1) We're planning to restart lessons/check flights from 8th March unless we're specifically told we shouldn't
2) We're planning to restart lessons/check flights from 29th March
3) We're planning to restart lessons/check flights from 17th May, when householding mixing indoors is allowed
4) We're not making any plans at present

Re: COVID-19 and General Aviation

PostPosted:Fri Feb 26, 2021 3:24 pm
by neilgeddes
I think 12th April is a more likely outcome for schools to restart

Re: COVID-19 and General Aviation

PostPosted:Fri Feb 26, 2021 5:11 pm
by oldbiggincfi
PeteSpencer wrote:
oldbiggincfi wrote:
PeteSpencer wrote:777 has TAC. Thrust Asymmetry Compensation.

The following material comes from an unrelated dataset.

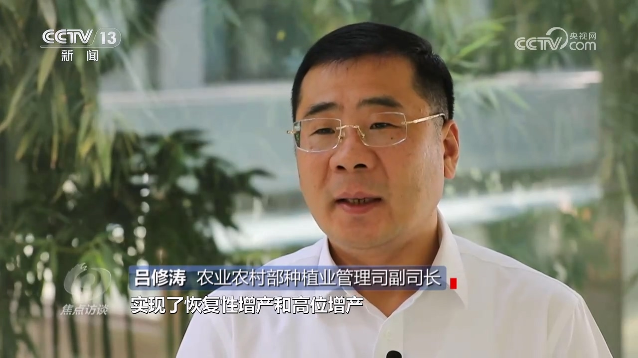 農(nóng)業(yè)農(nóng)村部種植業(yè)管理司副司長呂修濤:“今年的“三夏”生產(chǎn)可以用“過五關(guān)斬六將”來形容,克服了一系列風(fēng)險和挑戰(zhàn),實現(xiàn)了恢復(fù)性增產(chǎn)和高位增產(chǎn),這是今年夏糧一個非常突出的成果?!?/p>
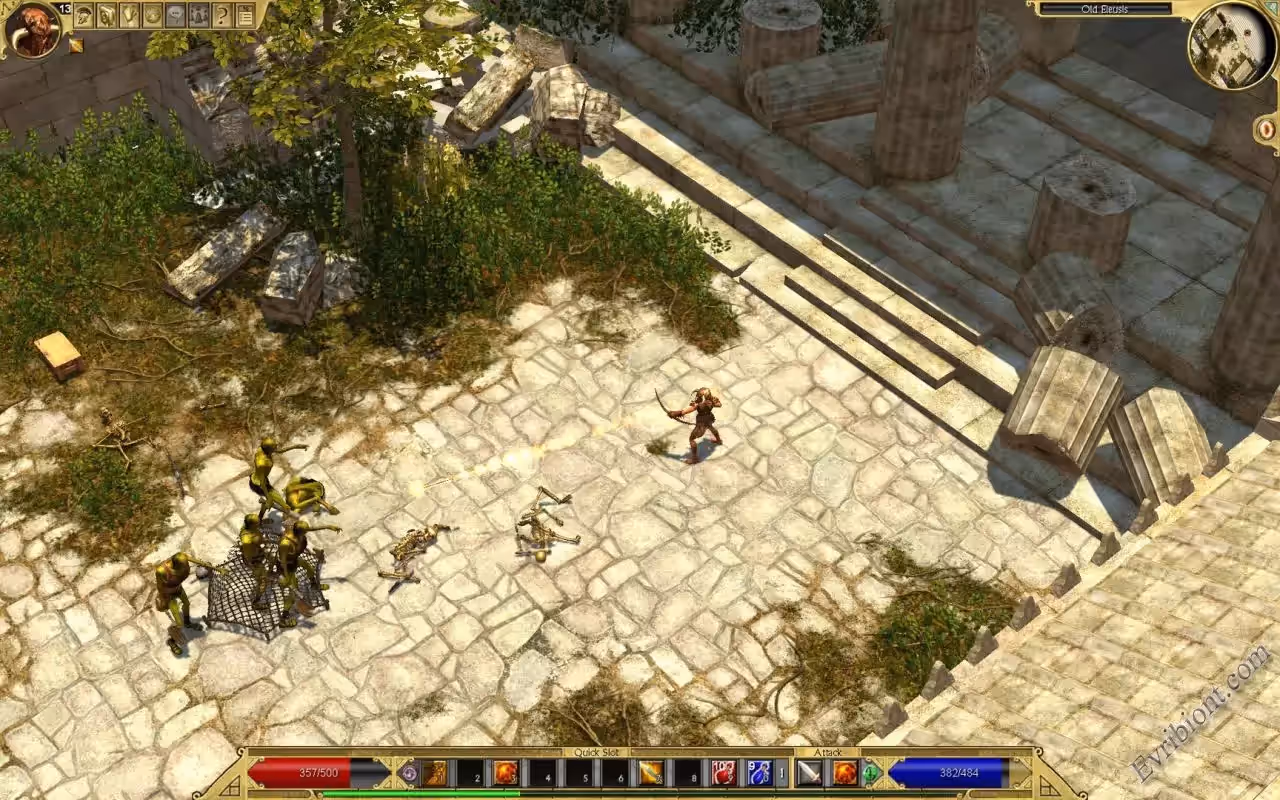 Сама же игра Titan Quest была создана по настоящей мифологии Египта и Древней Греции, вы попадете в реалистичный древний мир, здесь будут идти войны между добром и злом. Вы станните на защиту мира который был разрушен новыми и старыми богами во время их сражений. Вам предстоит путешествовать по легендарным местам древности, сражаться с различными монстрами тех времен, среди которых такие известные как кентавры, циклопы, гидры... С помощью разветвленных систем модификаций и умений, вы сможете развивать вашего персонажа как вы того пожелаете. После того как вы справитесь с чудищами на земле, вы отправитесь в земли Тартара. И там вы снова встретите известных из Греческой мифологии врагов.

It’s a great system which saved at least one major carrier from rolling one inverted!


.


No I didn't ! :lol:


Sorry , you didn't and I havn't a clue what happened

Should have been


A4 Pacific wrote:
oldbiggincfi wrote:
Crash one wrote:
Aparrently not for the pilot/crew involved in that incident!


Dead leg --- Dead engine

Wonder who's left leg hurt most ?


777 has TAC. Thrust Asymmetry Compensation. It’s a great system which saved at least one major carrier from rolling one inverted!


Good reason for fitting MCAS

A little extra help for push when upside down.

Re: COVID-19 and General Aviation

PostPosted:Mon Mar 01, 2021 6:28 am
by flyingearly
Just to answer my own question - in case it is helpful for others - I asked our club/school when they are thinking about restarting and their response was 12th April onwards, unless guidance says otherwise.

Re: COVID-19 and General Aviation

PostPosted:Mon Mar 01, 2021 10:55 am
by T6Harvard
Thanks @flyingearly , I had assumed that may be the date, given that hairdressers and nail bars can open and that's also close contact and unnecessary, iyswim.

Soooo, less than 6 weeks of glorious flying weather to tease us until then!?